Don’t save solar eclipse projects for the science fair. You can recreate the phenomena that accompany the different types of solar eclipses whether you’re at school or in your own backyard. With a little planning and research you’ll have the tools you need to understand and appreciate each phase of the eclipse, impressing your friends and family as you explain the hows and whys of the aligning Earth, sun and moon.

Create a Photo Banner

Probably the easiest way to demonstrate a solar eclipse is to create a photo sequence. Start with several pieces of black construction paper, representing space. Use a glass to trace and cut out multiple circles on yellow and white pieces of construction paper for your sun and moon, respectively. Create the first panel by taping a yellow cutout in the center of space (the black paper), with the moon off to the left. Add some rays around the sun for artistic effect. Set up progressive panels by moving the moon cutout incrementally over the sun until they are evenly stacked. Tape banner panels together and hang them. You can also create a banner showing the different types of eclipses (i.e., partial, annular, hybrid and total).

Create an Animated Video

Using a single black background and cutouts for the Earth and moon, you can use a similar process to create an animated video. To create a video, put your digital camera on a tripod so you can maintain its position and distance from your project. Create the video frame by placing the yellow cutout in the center of space, with the moon off to the left. Take a picture for your video. Move the moon cutout to the right a bit and take another picture. Keeping moving it incrementally over the sun until they are evenly stacked. Download your digital photos to a computer and use an application such as Microsoft Movie Maker to create your video.

Build a Model

A paper model assumes the audience is the Earth and doesn’t really demonstrate the full elliptical rotations of the Earth, sun and moon.
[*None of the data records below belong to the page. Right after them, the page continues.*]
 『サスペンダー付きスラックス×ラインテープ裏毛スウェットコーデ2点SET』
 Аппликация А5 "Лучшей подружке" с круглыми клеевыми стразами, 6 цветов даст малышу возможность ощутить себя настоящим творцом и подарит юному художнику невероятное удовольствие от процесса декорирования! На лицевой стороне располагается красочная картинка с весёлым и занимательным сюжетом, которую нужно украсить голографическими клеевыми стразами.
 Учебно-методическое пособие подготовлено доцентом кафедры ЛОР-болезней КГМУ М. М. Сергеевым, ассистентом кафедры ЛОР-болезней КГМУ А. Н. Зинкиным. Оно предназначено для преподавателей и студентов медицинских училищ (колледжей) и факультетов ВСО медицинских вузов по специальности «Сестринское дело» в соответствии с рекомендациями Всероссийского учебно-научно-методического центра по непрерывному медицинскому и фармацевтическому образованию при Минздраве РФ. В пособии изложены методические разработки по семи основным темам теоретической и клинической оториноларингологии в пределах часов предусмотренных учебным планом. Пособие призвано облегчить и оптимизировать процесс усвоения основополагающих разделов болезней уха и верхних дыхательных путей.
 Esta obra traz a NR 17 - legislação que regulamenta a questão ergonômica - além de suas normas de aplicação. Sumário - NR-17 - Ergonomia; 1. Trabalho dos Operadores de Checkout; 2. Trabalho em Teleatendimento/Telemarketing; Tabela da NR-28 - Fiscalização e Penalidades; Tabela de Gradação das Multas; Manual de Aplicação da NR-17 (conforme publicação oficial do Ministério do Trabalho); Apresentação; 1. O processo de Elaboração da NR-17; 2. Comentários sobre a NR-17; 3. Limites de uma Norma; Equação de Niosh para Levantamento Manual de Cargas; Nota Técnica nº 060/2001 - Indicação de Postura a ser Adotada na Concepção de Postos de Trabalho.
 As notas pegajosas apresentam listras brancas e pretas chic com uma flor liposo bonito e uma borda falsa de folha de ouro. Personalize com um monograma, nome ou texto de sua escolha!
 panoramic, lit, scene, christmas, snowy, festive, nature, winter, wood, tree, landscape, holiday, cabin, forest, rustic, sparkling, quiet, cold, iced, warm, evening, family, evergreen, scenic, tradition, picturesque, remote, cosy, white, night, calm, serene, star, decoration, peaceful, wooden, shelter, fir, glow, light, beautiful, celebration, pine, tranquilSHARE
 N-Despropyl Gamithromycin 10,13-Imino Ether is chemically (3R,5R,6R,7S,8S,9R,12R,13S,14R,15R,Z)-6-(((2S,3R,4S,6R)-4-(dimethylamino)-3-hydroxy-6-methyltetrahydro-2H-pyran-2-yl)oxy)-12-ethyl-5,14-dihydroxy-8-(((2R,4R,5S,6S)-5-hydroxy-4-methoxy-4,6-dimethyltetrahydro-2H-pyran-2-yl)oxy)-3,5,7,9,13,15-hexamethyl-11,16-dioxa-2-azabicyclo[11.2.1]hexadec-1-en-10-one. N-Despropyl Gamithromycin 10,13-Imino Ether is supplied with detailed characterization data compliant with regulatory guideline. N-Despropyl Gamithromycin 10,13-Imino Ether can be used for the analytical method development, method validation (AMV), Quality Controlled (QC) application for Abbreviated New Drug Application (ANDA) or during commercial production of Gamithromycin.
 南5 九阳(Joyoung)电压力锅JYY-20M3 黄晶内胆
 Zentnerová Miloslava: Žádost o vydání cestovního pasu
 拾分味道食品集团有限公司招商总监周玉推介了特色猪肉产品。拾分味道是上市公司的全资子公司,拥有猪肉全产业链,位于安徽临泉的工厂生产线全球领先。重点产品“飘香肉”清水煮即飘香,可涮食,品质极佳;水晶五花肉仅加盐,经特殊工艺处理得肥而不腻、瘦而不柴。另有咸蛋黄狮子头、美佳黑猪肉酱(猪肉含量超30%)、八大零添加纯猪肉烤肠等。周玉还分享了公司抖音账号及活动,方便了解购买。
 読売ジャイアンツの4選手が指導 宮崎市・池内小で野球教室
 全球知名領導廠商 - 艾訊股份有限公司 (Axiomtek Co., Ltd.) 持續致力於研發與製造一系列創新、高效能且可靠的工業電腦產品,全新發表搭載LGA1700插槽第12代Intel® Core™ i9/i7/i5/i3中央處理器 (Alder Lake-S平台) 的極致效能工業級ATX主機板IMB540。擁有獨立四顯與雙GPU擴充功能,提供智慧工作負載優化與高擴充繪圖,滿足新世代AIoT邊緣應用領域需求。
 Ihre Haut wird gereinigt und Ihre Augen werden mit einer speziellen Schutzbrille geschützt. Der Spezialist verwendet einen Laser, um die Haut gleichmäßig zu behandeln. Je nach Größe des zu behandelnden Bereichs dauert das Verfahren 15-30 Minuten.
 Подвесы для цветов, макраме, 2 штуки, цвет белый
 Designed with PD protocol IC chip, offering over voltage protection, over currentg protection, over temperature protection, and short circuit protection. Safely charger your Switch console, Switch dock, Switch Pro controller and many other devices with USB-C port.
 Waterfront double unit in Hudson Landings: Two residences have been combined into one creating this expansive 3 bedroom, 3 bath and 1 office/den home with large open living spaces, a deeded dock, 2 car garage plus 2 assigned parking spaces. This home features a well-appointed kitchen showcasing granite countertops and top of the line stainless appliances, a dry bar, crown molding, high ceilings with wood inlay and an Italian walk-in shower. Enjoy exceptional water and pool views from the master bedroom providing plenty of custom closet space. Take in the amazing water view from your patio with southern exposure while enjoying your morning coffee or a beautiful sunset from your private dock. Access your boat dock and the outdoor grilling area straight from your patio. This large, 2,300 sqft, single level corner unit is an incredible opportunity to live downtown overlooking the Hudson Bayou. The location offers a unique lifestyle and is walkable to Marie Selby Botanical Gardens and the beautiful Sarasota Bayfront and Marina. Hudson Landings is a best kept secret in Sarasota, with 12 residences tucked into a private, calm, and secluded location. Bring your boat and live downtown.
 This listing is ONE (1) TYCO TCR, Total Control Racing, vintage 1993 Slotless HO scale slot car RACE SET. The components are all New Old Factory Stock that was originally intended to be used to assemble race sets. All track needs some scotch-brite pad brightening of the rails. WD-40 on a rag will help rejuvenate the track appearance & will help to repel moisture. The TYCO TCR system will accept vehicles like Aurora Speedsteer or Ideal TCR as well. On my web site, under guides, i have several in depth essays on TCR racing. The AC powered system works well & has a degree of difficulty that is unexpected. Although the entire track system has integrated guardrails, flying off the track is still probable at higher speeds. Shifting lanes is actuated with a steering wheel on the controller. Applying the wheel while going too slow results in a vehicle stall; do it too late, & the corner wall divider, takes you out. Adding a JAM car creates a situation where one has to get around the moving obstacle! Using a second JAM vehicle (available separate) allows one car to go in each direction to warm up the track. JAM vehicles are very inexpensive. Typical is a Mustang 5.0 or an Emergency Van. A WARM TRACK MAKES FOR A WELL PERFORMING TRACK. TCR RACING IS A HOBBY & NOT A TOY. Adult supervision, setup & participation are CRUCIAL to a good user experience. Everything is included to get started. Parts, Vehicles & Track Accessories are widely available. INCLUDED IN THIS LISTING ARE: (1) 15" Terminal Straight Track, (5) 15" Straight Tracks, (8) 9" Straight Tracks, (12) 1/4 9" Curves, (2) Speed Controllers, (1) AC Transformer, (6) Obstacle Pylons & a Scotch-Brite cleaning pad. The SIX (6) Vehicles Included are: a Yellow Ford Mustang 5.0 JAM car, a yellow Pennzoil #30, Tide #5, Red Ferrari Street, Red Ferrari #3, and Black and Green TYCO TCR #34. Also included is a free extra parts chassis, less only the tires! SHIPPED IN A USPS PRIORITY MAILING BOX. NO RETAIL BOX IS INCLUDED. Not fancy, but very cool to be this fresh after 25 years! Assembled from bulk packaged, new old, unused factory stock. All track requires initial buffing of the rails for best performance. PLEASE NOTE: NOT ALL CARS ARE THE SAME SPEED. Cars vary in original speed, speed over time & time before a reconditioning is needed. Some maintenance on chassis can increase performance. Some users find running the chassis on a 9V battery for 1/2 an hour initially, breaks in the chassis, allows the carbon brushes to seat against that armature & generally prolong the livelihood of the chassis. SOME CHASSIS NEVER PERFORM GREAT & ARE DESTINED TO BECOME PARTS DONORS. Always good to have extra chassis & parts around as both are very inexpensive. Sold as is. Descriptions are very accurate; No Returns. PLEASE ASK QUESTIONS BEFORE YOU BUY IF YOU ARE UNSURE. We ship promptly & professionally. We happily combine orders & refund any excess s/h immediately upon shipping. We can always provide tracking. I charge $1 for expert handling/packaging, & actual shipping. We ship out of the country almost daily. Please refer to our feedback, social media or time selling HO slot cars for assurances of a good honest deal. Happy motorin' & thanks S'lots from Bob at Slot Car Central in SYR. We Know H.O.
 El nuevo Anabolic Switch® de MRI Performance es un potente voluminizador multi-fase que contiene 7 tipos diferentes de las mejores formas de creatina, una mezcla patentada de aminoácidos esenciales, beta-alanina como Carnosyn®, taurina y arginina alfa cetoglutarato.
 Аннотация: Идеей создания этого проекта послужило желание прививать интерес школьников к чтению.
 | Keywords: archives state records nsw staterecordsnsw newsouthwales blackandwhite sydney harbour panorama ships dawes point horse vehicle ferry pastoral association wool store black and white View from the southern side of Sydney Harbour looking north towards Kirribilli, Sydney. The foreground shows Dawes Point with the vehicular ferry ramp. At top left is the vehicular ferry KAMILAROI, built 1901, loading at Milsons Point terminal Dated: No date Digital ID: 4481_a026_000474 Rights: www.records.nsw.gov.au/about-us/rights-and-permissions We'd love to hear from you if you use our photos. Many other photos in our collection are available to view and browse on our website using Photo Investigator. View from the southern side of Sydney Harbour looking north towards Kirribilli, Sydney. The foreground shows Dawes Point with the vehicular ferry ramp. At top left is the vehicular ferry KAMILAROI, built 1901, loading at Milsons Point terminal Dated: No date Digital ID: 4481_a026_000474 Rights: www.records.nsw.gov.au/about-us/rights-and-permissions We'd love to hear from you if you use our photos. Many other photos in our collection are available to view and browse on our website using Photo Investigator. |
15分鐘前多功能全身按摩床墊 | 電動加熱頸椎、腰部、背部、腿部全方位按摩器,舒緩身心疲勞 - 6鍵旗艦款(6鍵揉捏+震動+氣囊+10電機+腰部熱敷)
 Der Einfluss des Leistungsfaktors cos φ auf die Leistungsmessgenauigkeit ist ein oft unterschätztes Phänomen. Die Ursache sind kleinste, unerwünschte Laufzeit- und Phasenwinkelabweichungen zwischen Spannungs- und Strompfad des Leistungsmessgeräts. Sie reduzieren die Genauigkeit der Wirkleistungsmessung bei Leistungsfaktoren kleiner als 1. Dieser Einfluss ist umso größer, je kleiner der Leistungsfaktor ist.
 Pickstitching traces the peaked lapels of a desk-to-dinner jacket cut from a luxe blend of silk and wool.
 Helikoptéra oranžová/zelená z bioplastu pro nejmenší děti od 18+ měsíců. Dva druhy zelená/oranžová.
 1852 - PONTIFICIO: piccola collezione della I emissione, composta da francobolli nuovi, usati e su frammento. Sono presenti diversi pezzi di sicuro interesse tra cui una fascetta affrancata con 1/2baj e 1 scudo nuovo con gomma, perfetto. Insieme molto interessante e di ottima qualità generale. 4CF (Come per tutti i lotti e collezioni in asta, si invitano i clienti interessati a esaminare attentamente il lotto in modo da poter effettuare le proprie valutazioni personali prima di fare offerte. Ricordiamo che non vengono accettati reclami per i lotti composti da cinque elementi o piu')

To show the moon’s shadow as it is cast on the Earth during a solar eclipse, build a model. You’ll need items to represent your celestial bodies. Consider foam balls from the craft store, paper mache creations or balloons for the Earth and moon. Choose items proportionate to the real things. Use a flashlight to represent your sun. Color or paint your Earth and moon appropriately. You’ll need some type of pedestal to hold up the Earth and string to tie around or tape to your moon. Prop up the flashlight on a few books at one end of the table and your Earth on its pedestal at the other end. Turn on the flashlight and, holding the string, slowly move the moon across the path of light and observe the shadow it casts on Earth.

Create a Calendar

Solar eclipses don’t occur as often as lunar eclipses and aren't visible everywhere on the planet. As one of your projects, you can create a solar eclipse calendar that pinpoints the days and locations of upcoming events. The NASA Eclipse Website lists all past and future eclipses. Decide whether you want to create a calendar for a geographic region or for a particular type of eclipse. You can use a Microsoft Word calendar template or your favorite calendar software to create monthly calendars for the next calendar year. Extract necessary dates from the NASA Eclipse website and plug them into your calendar. You could also use the coordinates provided on the NASA site to pinpoint dates on a world map. Clicking the “Calendar Date” link will open a global map of the particular eclipse’s coverage area, including the point of the greatest eclipse.